Thursday, September 6, 2007

Meet Your Fear in a Dark Alley

Today the Writer's Almanac told a very interesting story about Alice Sebold, author of The Lovely Bones. She had a traumatic experience that haunted her life for many years until she was able to confront it and give it voice in her writing. Her novel became a success and she was quoted as saying, "It's very weird to succeed at 39 years old and realize that in the midst of your failure, you were slowly building the life that you wanted."

A few days ago (August 22), it was Annie Proulx's birthday. Proulx got me to love & appreciate the short story. Nobody does grunge better than she. The Writer's Almanac said, "She was virtually unknown until the early 1990s, when she burst onto the literary scene, publishing her first novels, Postcards (1992) and The Shipping News (1993), in her late 50s ... she doesn't regret becoming a writer later than most people because, she said, she knows a lot more about life than she did 30 years ago."
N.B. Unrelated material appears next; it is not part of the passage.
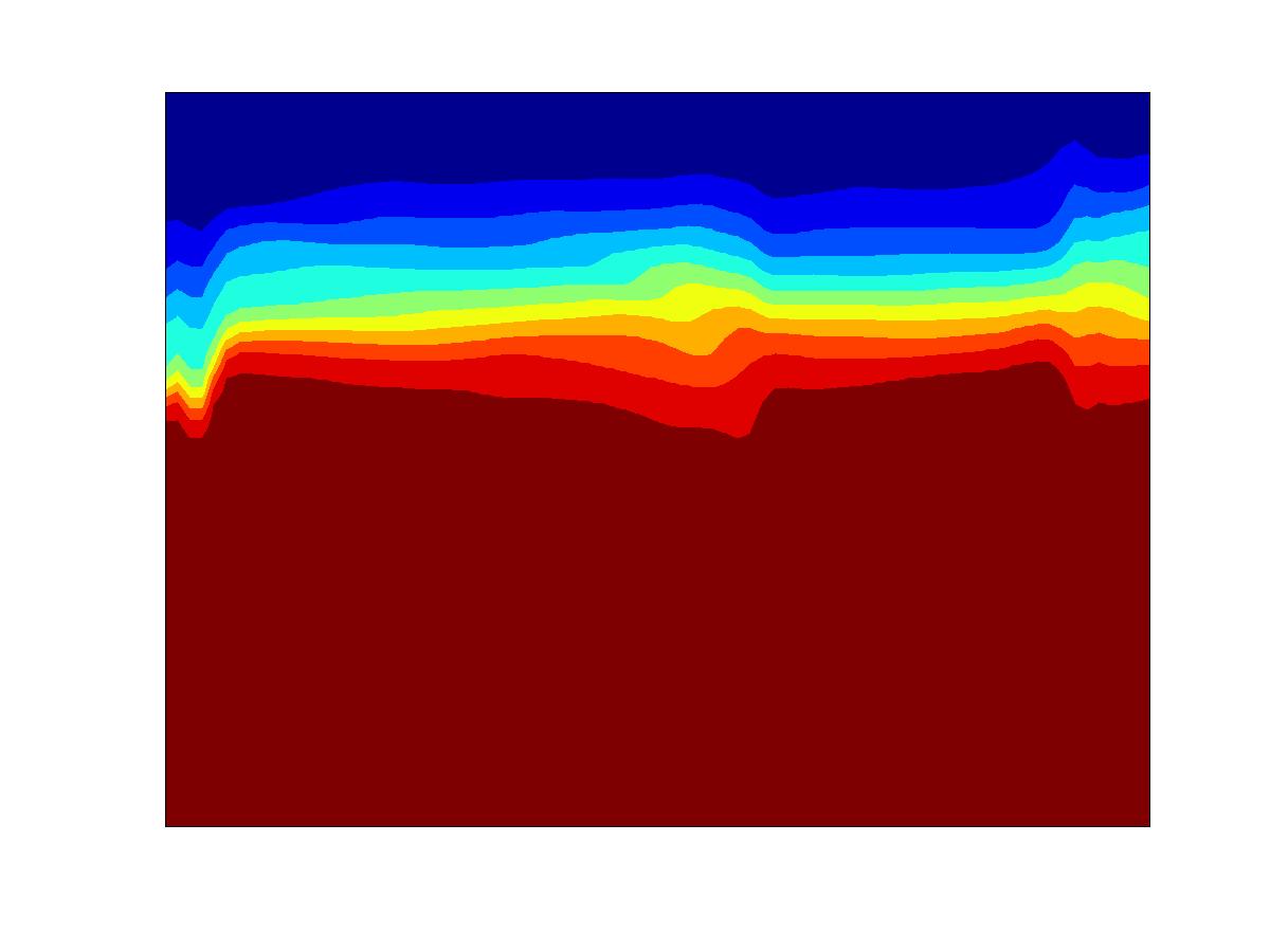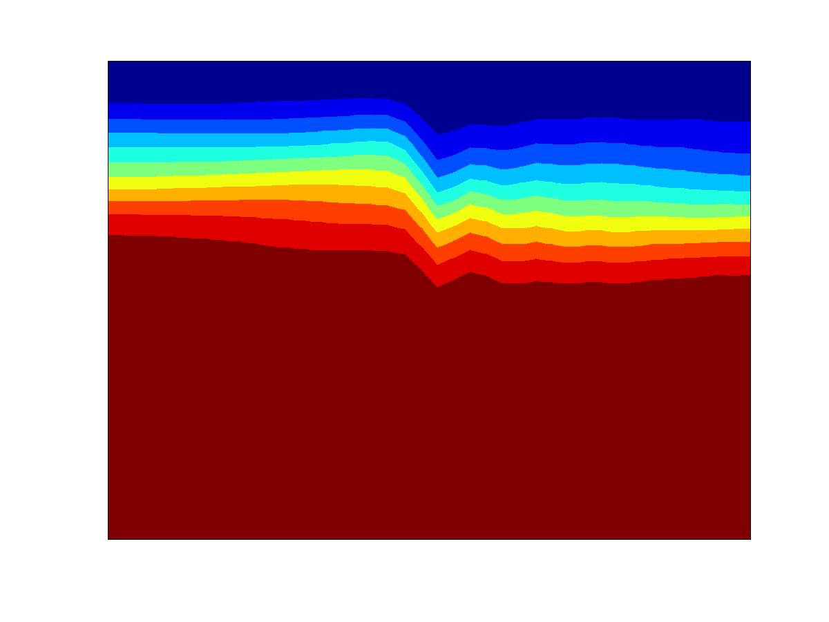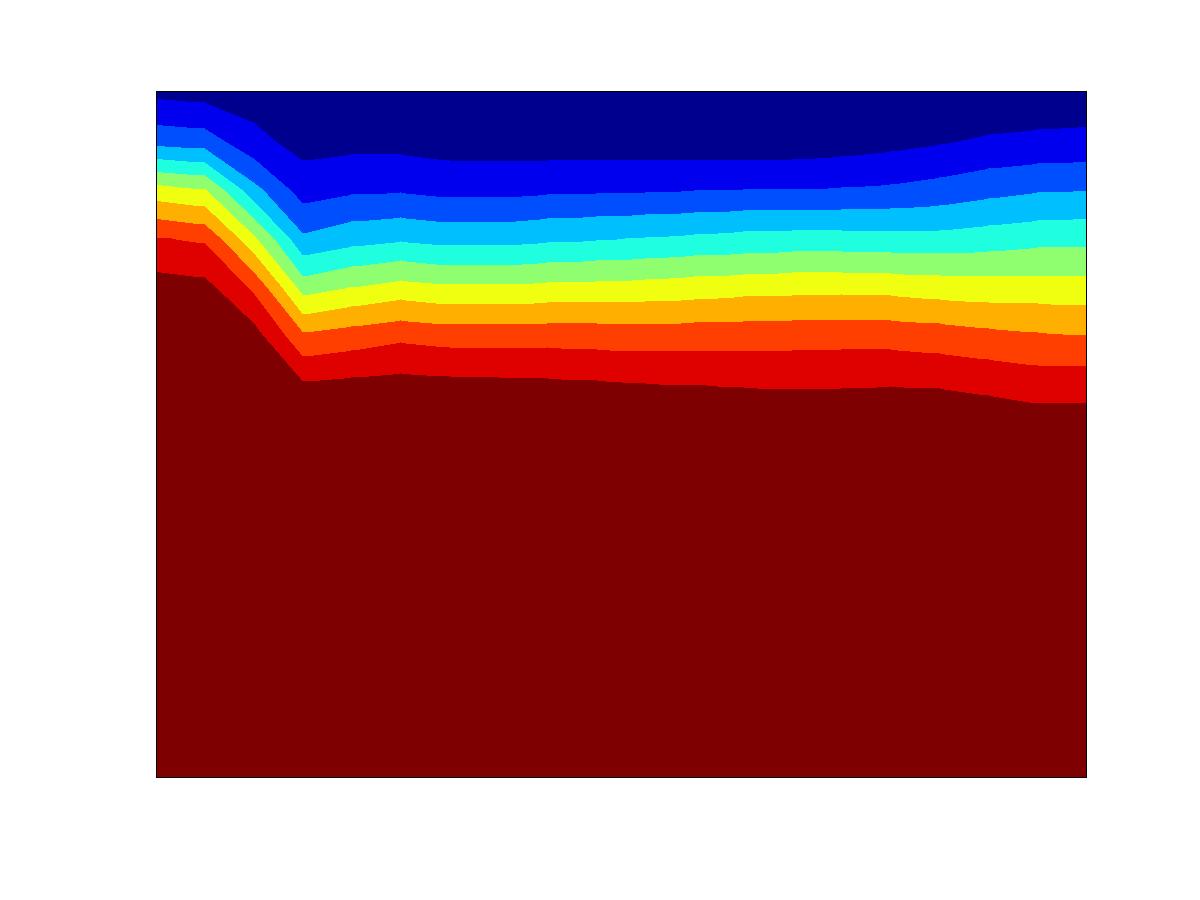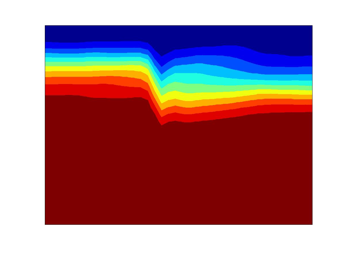 Hydrostatic model results for non-breaking internal wave For a similar set of pictures of a non-hydrostatic wave model <follow this link> For a similar set of pictures of a breaking wave <follow this link> For movies (6 at 500 mb each) matching the figures on this page <follow this link> |

Slowly building the life you want isn't always pretty and easy, and rarely feels like it's got any sort of meaningful direction. But as Tolkien wrote and bumper stickers have adopted, "Not all who wander are lost."
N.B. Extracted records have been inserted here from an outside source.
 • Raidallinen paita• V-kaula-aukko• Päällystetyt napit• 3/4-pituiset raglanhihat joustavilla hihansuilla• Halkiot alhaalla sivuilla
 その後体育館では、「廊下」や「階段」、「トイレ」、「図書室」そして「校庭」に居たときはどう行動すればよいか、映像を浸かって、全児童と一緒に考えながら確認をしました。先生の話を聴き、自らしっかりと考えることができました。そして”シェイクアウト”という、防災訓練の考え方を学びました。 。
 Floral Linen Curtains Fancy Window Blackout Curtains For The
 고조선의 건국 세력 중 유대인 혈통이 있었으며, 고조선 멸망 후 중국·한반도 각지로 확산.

Rilke, in Letters to a Young Poet, advises writers to plumb the depths of our own lives, especially those bits that seem mean or inconsequential. It takes time and determination, but we have to go through the sh*t to get to the art.

Friday, August 10, 2007

Harry Lost in Translation

Since I'm busy with packing, moving, and setting up my teaching practicum for Goddard, I am again relying on my brilliant outside sources for content. I found this amusing collection in the New York Times today- book jacket summaries and excerpts of unauthorized translations of Harry Potter, translated from the Chinese.
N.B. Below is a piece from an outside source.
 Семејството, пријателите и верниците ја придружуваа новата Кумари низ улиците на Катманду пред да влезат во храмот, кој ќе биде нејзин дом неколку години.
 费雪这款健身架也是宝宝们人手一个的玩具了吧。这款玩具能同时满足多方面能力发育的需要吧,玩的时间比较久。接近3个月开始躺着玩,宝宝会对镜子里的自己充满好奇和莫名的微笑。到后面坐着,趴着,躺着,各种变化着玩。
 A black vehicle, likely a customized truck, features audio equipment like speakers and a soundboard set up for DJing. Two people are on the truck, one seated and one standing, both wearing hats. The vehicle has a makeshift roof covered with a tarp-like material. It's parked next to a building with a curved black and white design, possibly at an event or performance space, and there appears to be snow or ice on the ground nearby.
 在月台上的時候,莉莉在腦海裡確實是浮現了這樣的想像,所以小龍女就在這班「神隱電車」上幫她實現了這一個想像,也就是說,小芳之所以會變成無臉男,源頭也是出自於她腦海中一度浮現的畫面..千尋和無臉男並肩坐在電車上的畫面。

From Harry Potter and the Showdown: "When Harry confronts Voldemort at Azkaban, the Dark Lord tries to win Harry over as a fellow descendant of Slytherin. Harry refuses, and together with Ron and Hermione, kills Voldemort instead. Now what will Harry do about his two girlfriends?"

Wednesday, August 8, 2007

Moving to Easthampton

Breaking Good-Schiff news ... we decided to move out of West Street -- it was going to become a lot more expensive (new landlords changing things up), and it was also starting to feel cramped with two of us using it as office space as well as living space. We've had a crazy few days of apartment hunting, but we ended up getting our first choice apartment! It's a beautiful two bedroom, renovated & painted nice colors, on two levels (2nd & 3rd floors) in Easthampton, so not too far away. We signed the lease yesterday. We have the place on August 15th. Phew! Now things will start to get really hectic ... but when it's over, it will be over, and we'll have a guest room/study, and a dishwasher, and a bathroom that holds more than one person at a time.

What I will miss most about Hadley: walking by the Connecticut River, puttering in the garden, watching my sunflowers grow tall, grilling out in the yard, walking on the bike path, playing glow-in-the-dark frisbee.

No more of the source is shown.